D. Unjust Enrichment
The elements of unjust enrichment are: (1) plaintiff conferred a benefit upon the defendants; (2) defendants appreciated the benefit; and (3) defendants accepted and retained the benefit without paying him. See EBC, Inc. v. Clark Bldg. Sys., Inc., 618 F.3d 253, 273 (3d Cir. 2010) (citing AmeriPro Search, Inc. v. Fleming Steel Co., 787 A.2d 988, 991 (Pa. Super. 2001)). Mr. Del Bianco cannot establish this claim because he did not confer the PPP loans on 76 Carriage. The federal government did.
E. Request to Amend
Under Federal Rule of Civil Procedure 15(a)(2), “a party may amend its pleading only with the opposing party's written consent or the court's leave. The court should freely give leave when justice so require.” But there are no possible facts that Mr. Del Bianco could allege that would change the Court's analysis of the PPP loan program. In addition, Mr. Del Bianco's failure to attach a draft amended complaint “is fatal to [his] request for leave to amend.” U.S. ex rel.
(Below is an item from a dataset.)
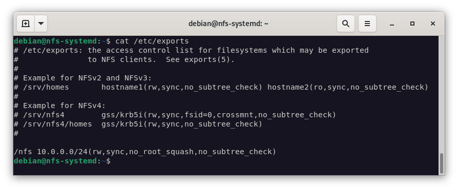 La configuración anterior permite que todos los clientes de la red 10.0.0.0/24 puedan acceder al punto de montaje /nfs con permisos de lectura y escritura.
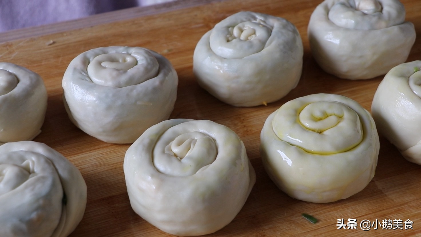 2、揉光滑后,搓成条切成8个剂子,每个剂子再揉光滑,搓成条,抹上一层食用油,放在盘子里,盖上保鲜膜,饧面40分钟。面要饧到位,才更有弹性,更易操作。

Zizic v. Q2Administrators, LLC, 728 F.3d 228, 243 (3d Cir. 2013) (quotation omitted). Therefore, the Court will not give Mr. Del Bianco leave to amend.
IV. CONCLUSION
76 Carriage had discretion to spend the proceeds of its PPP loans as it saw fit, as long as it faced the consequences. Mr. Del Bianco's claims about the PPP loan proceeds therefore cannot proceed, and the Court will dismiss them. An appropriate Order follows.